Task directions: Copy only what lies from the line containing "Всего 12 из" through the line containing "Read moreWe've been" in the entries below, keeping both end lines exact and dropping every picture.

Stored data:
● ● ● ● ●

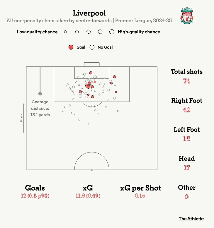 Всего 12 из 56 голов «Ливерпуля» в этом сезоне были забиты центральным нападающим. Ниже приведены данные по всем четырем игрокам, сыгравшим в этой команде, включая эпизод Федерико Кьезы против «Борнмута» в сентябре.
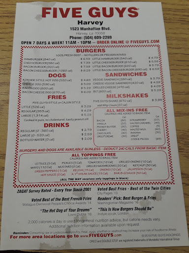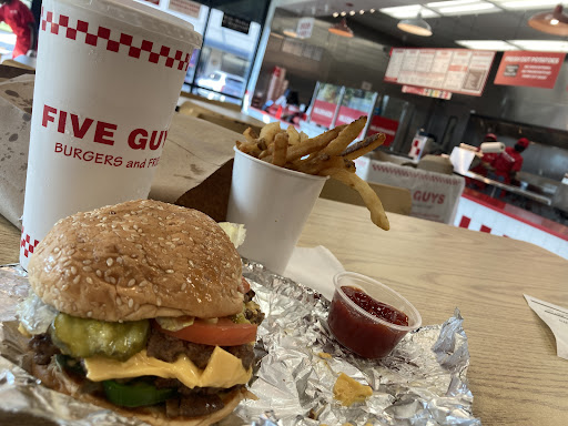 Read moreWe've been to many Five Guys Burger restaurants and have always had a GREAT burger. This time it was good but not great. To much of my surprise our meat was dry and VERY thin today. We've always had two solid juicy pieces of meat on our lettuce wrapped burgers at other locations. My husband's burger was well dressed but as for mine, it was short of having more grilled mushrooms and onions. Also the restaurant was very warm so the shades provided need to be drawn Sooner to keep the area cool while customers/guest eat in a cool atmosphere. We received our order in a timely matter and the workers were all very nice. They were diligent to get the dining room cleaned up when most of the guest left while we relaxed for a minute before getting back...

● ● ● ● ●

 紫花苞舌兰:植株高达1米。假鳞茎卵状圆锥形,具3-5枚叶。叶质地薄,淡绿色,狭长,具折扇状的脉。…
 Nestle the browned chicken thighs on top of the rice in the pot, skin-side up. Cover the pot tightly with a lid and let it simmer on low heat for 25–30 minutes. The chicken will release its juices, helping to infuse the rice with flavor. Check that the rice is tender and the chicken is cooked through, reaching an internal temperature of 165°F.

● ● ● ● ●

Task solution:
 Всего 12 из 56 голов «Ливерпуля» в этом сезоне были забиты центральным нападающим. Ниже приведены данные по всем четырем игрокам, сыгравшим в этой команде, включая эпизод Федерико Кьезы против «Борнмута» в сентябре.
 Read moreWe've been to many Five Guys Burger restaurants and have always had a GREAT burger. This time it was good but not great. To much of my surprise our meat was dry and VERY thin today. We've always had two solid juicy pieces of meat on our lettuce wrapped burgers at other locations. My husband's burger was well dressed but as for mine, it was short of having more grilled mushrooms and onions. Also the restaurant was very warm so the shades provided need to be drawn Sooner to keep the area cool while customers/guest eat in a cool atmosphere. We received our order in a timely matter and the workers were all very nice. They were diligent to get the dining room cleaned up when most of the guest left while we relaxed for a minute before getting back...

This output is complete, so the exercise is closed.